Добавление столбца строк в список столбцов в Spark Dataframe
У меня есть фреймворк Spark с несколькими столбцами. Я хочу добавить столбец к файлу данных, который представляет собой сумму определенного количества столбцов.
Например, мои данные выглядят следующим образом:
ID var1 var2 var3 var4 var5
a 5 7 9 12 13
b 6 4 3 20 17
c 4 9 4 6 9
d 1 2 6 8 1
Я хочу, чтобы колонка добавила суммы строк для определенных столбцов:
ID var1 var2 var3 var4 var5 sums
a 5 7 9 12 13 46
b 6 4 3 20 17 50
c 4 9 4 6 9 32
d 1 2 6 8 10 27
Я знаю, что можно добавлять столбцы вместе, если вы знаете конкретные столбцы для добавления:
val newdf = df.withColumn("sumofcolumns", df("var1") + df("var2"))
Но можно ли передать список имен столбцов и добавить их вместе? Исходя из этого ответа, который в основном я хочу, но он использует API-интерфейс python вместо scala (Добавить сумму столбца в виде нового столбца в фреймворке PySpark). Я думаю что-то вроде этого будет работать:
//Select columns to sum
val columnstosum = ("var1", "var2","var3","var4","var5")

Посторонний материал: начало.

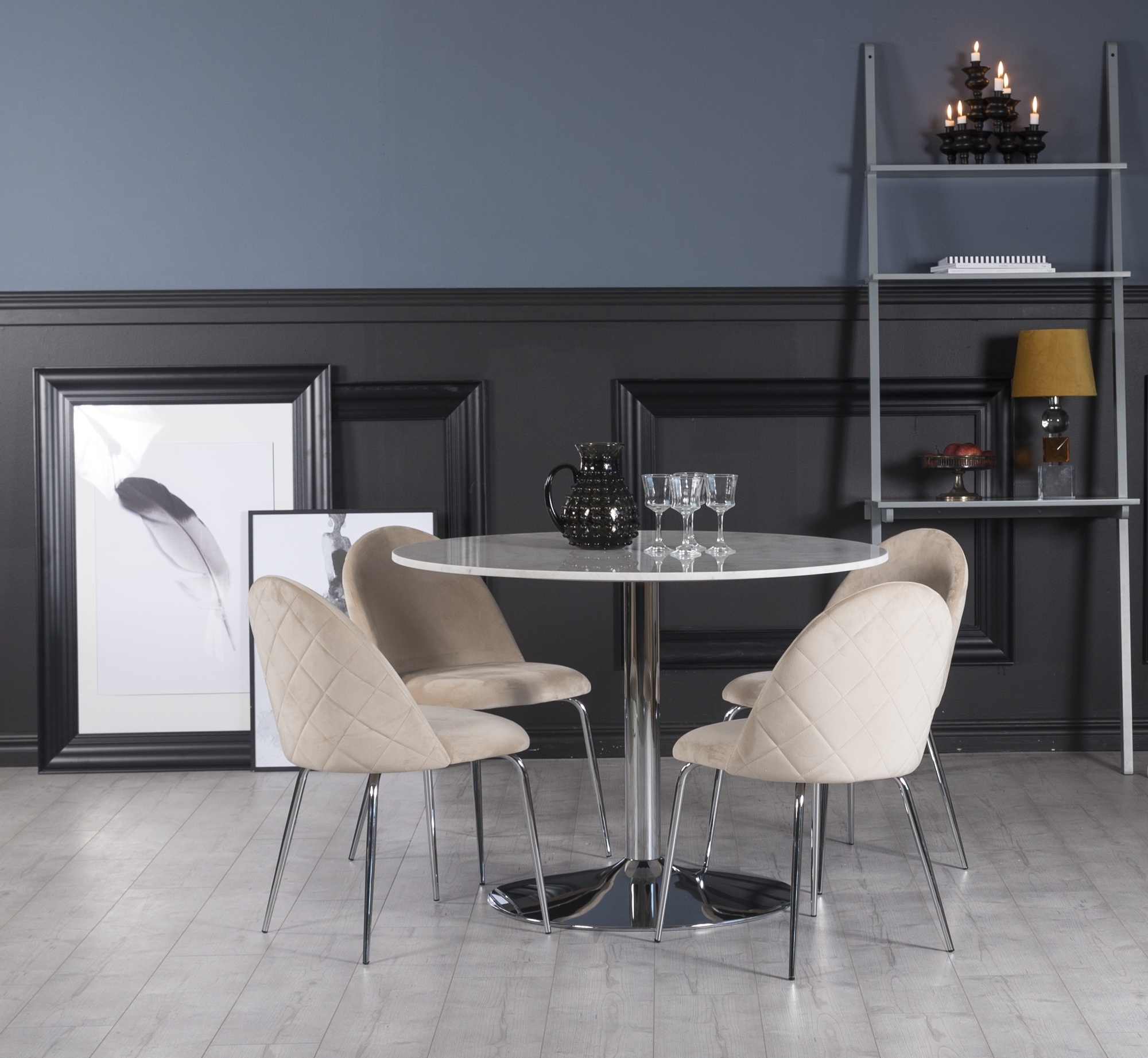 Plaza matgrupp, marmorbord med 4 st Plaza sammetsstolar - Beige/Vit/Krom

// Create new column called sumofcolumns which is sum of all columns listed in columnstosum
val newdf = df.withColumn("sumofcolumns", df.select(columstosum.head, columnstosum.tail: _*).sum)
Это вызывает значение ошибки, которое не является членом org.apache.spark.sql.DataFrame. Есть ли способ суммировать столбцы?
Заранее благодарим за помощь.
Ответы
Ответ 1
Вы должны попробовать следующее:
import org.apache.spark.sql.functions._
val sc: SparkContext = ...
val sqlContext = new SQLContext(sc)
import sqlContext.implicits._
val input = sc.parallelize(Seq(
("a", 5, 7, 9, 12, 13),
("b", 6, 4, 3, 20, 17),
("c", 4, 9, 4, 6 , 9),
("d", 1, 2, 6, 8 , 1)
)).toDF("ID", "var1", "var2", "var3", "var4", "var5")
val columnsToSum = List(col("var1"), col("var2"), col("var3"), col("var4"), col("var5"))
val output = input.withColumn("sums", columnsToSum.reduce(_ + _))
output.show()
Тогда результат:
+---+----+----+----+----+----+----+
| ID|var1|var2|var3|var4|var5|sums|
+---+----+----+----+----+----+----+
| a| 5| 7| 9| 12| 13| 46|
| b| 6| 4| 3| 20| 17| 50|
| c| 4| 9| 4| 6| 9| 32|
| d| 1| 2| 6| 8| 1| 18|
+---+----+----+----+----+----+----+
Ответ 2
Обычный и простой:
import org.apache.spark.sql.Column
import org.apache.spark.sql.functions.{lit, col}
def sum_(cols: Column*) = cols.foldLeft(lit(0))(_ + _)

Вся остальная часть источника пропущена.